**Information supplied:**

**********

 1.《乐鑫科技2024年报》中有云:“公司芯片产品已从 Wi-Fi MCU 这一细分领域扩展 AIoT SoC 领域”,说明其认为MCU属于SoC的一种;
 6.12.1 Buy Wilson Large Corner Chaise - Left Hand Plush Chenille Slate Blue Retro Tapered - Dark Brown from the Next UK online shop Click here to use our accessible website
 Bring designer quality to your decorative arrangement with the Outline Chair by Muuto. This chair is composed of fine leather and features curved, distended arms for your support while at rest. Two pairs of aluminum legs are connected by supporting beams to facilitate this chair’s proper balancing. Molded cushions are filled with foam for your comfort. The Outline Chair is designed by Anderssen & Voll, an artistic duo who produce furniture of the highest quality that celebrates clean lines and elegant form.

**********

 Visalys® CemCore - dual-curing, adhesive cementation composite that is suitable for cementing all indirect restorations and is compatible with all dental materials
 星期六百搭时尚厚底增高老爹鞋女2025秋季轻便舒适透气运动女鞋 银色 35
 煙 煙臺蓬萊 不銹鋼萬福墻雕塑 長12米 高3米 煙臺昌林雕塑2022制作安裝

**********

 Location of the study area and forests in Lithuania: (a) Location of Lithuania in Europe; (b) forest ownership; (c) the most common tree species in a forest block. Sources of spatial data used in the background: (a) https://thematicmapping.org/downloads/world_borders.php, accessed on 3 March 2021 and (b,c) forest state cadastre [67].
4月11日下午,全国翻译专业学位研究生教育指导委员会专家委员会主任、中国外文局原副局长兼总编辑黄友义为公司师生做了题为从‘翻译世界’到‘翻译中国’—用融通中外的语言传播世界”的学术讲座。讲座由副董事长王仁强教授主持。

**********

**Problem details:**
Only the lines above starting at the one containing "Visalys® CemCore - dual-curing, adhesive" and ending at the one containing "煙 煙臺蓬萊 不銹鋼萬福墻雕塑 長12米 高3米 煙臺昌林雕塑2022制作安裝", both included, are to be returned, exactly as they read.

**Exercise answer:**
 Visalys® CemCore - dual-curing, adhesive cementation composite that is suitable for cementing all indirect restorations and is compatible with all dental materials
 星期六百搭时尚厚底增高老爹鞋女2025秋季轻便舒适透气运动女鞋 银色 35
 煙 煙臺蓬萊 不銹鋼萬福墻雕塑 長12米 高3米 煙臺昌林雕塑2022制作安裝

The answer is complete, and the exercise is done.